**Stored dataset items**
•••

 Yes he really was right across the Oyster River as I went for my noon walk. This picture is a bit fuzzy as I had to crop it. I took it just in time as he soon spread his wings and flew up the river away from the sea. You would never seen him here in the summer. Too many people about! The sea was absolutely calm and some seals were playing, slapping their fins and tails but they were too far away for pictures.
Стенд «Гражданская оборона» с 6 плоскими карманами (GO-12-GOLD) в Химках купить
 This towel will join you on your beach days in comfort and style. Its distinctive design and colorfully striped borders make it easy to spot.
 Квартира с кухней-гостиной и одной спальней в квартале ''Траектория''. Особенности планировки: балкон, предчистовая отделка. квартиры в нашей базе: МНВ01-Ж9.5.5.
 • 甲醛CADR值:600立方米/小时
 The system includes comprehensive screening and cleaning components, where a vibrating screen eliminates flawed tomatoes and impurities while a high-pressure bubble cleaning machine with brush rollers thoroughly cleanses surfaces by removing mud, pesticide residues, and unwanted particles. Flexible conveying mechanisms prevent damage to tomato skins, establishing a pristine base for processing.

•••

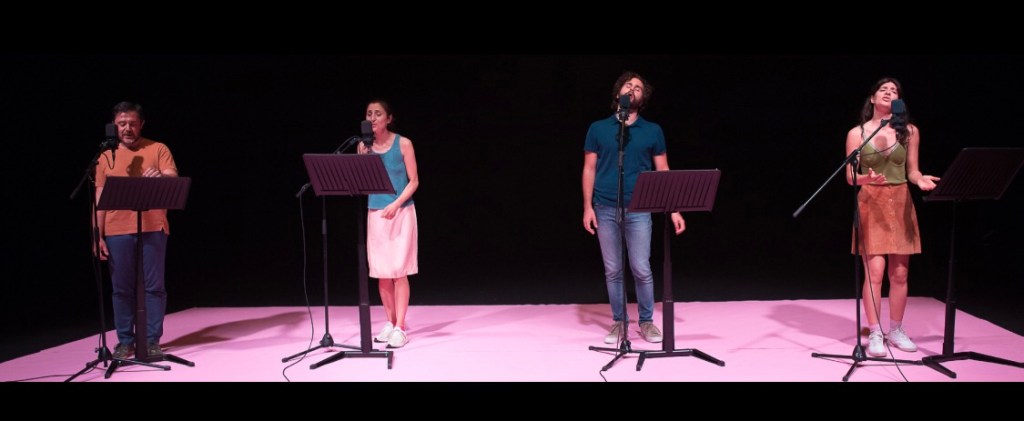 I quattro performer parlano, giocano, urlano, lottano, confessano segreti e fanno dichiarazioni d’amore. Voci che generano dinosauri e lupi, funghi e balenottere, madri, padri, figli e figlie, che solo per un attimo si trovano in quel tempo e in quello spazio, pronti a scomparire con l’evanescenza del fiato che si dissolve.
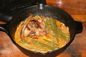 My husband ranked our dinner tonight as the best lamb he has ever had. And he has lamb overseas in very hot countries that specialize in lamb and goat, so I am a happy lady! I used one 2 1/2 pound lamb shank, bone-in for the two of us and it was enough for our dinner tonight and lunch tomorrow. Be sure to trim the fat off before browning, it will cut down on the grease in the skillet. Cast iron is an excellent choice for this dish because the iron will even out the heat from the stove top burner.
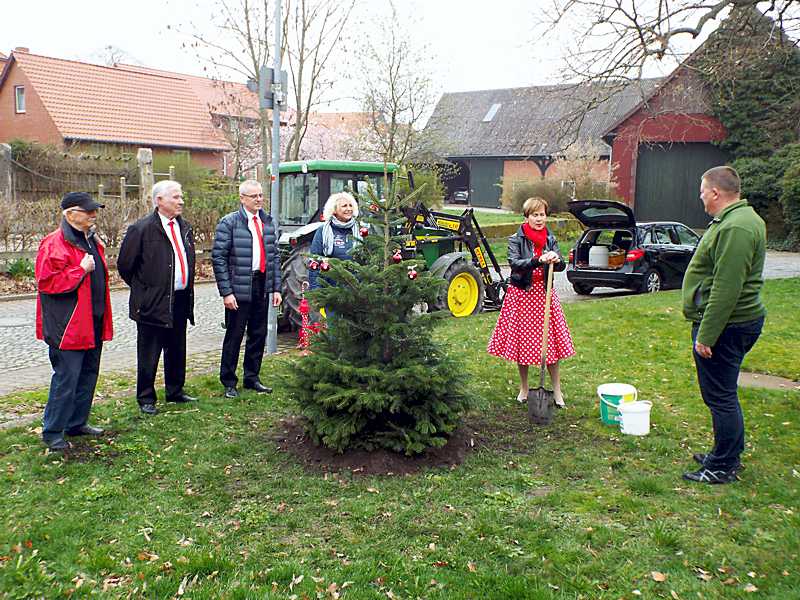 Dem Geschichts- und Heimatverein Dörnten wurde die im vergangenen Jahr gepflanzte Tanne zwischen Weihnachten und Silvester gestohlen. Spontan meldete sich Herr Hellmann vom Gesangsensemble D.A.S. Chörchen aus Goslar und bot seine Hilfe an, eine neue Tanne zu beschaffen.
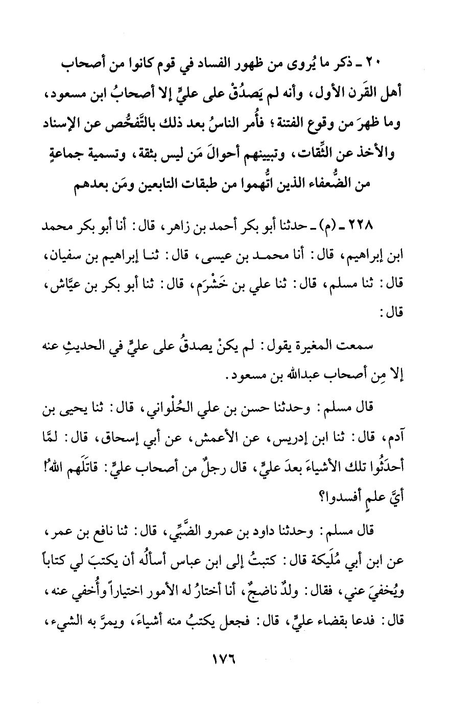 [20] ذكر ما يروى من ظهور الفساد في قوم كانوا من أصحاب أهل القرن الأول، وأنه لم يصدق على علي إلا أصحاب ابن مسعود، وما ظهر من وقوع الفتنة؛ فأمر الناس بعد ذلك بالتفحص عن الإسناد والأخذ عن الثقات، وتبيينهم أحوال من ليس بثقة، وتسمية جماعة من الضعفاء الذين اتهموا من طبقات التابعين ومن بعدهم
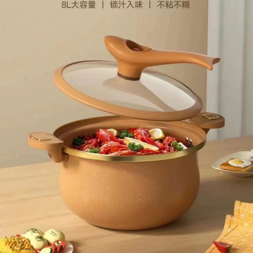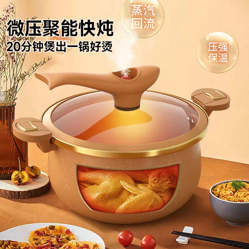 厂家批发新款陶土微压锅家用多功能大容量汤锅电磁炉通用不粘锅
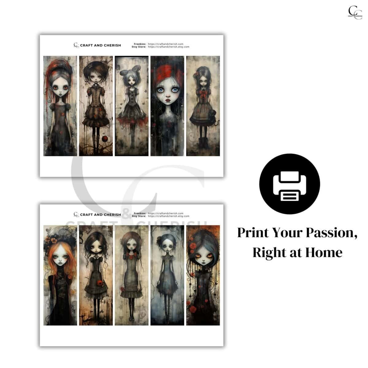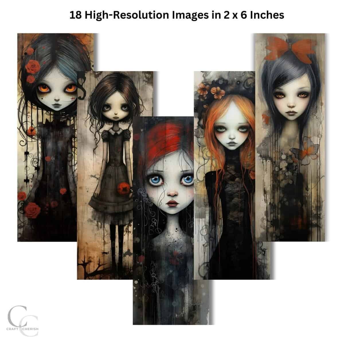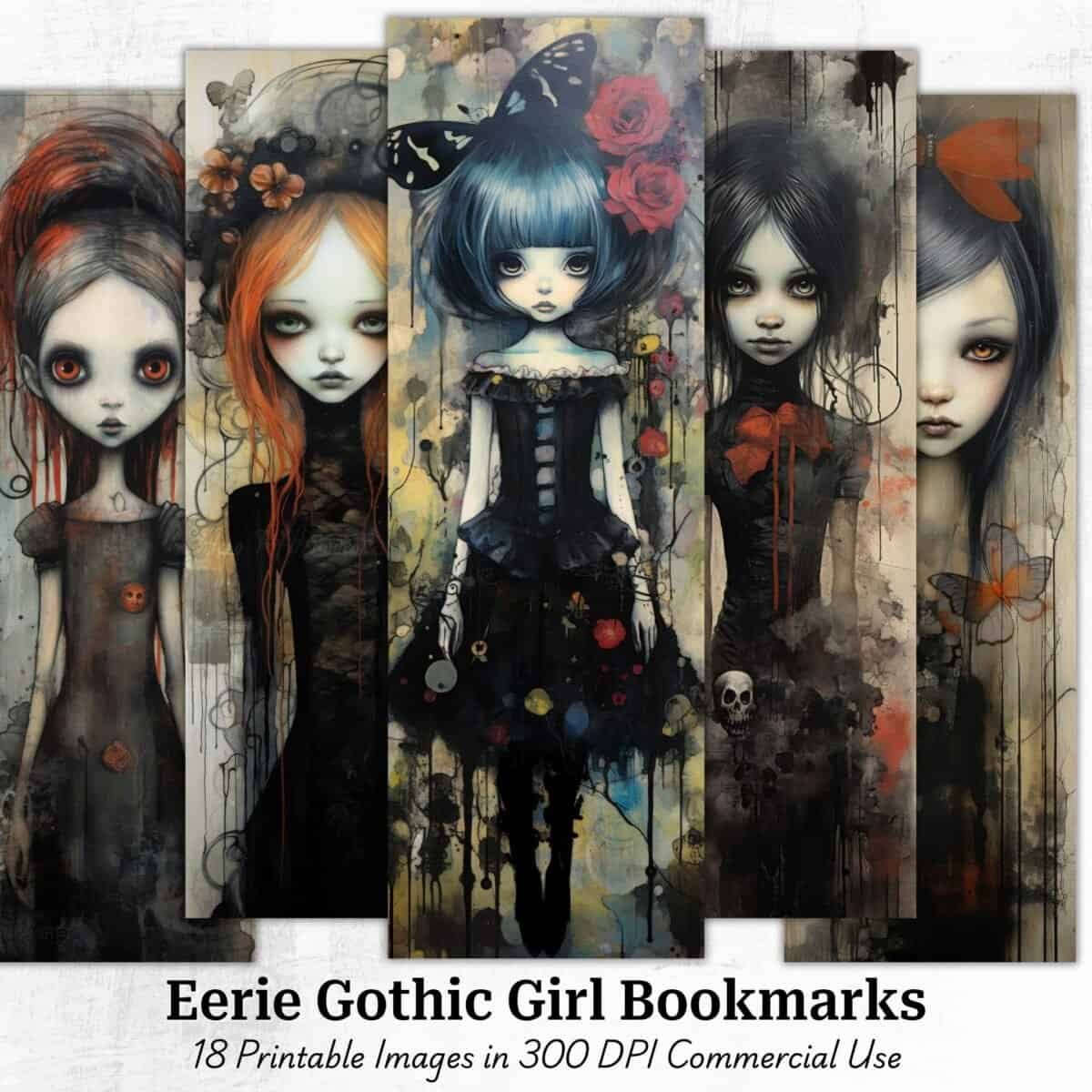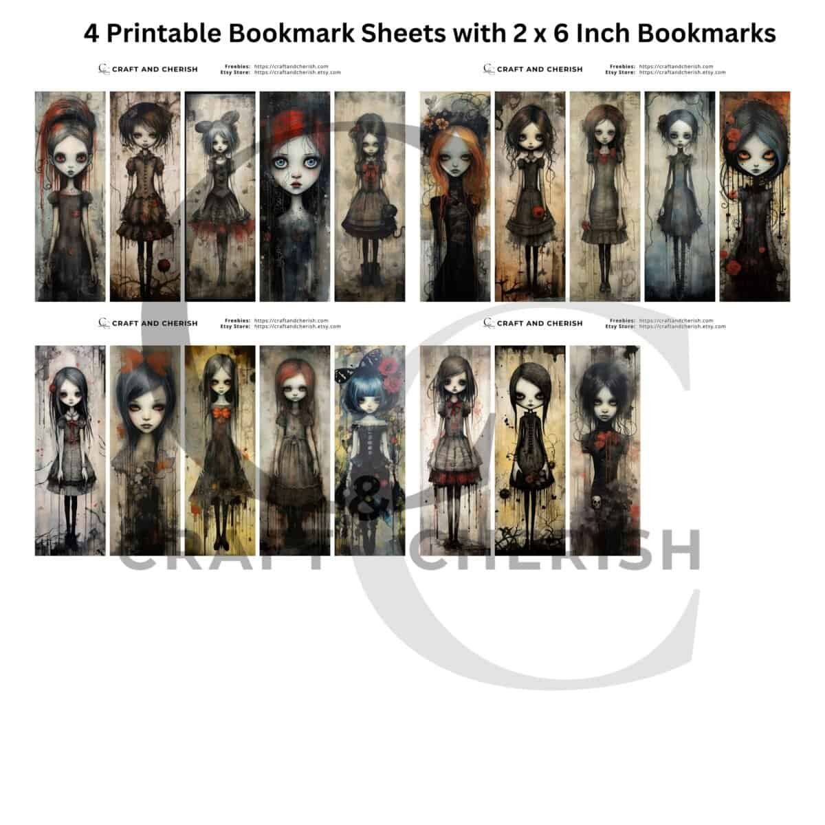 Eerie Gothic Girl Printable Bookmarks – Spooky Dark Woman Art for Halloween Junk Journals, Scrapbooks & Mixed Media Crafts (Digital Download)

•••

**What to work on**
Could you restate word for word the lines above from the one containing "Yes he really" through the one containing "The system includes", both included, and nothing else?

**Reply**
 Yes he really was right across the Oyster River as I went for my noon walk. This picture is a bit fuzzy as I had to crop it. I took it just in time as he soon spread his wings and flew up the river away from the sea. You would never seen him here in the summer. Too many people about! The sea was absolutely calm and some seals were playing, slapping their fins and tails but they were too far away for pictures.
Стенд «Гражданская оборона» с 6 плоскими карманами (GO-12-GOLD) в Химках купить
 This towel will join you on your beach days in comfort and style. Its distinctive design and colorfully striped borders make it easy to spot.
 Квартира с кухней-гостиной и одной спальней в квартале ''Траектория''. Особенности планировки: балкон, предчистовая отделка. квартиры в нашей базе: МНВ01-Ж9.5.5.
 • 甲醛CADR值:600立方米/小时
 The system includes comprehensive screening and cleaning components, where a vibrating screen eliminates flawed tomatoes and impurities while a high-pressure bubble cleaning machine with brush rollers thoroughly cleanses surfaces by removing mud, pesticide residues, and unwanted particles. Flexible conveying mechanisms prevent damage to tomato skins, establishing a pristine base for processing.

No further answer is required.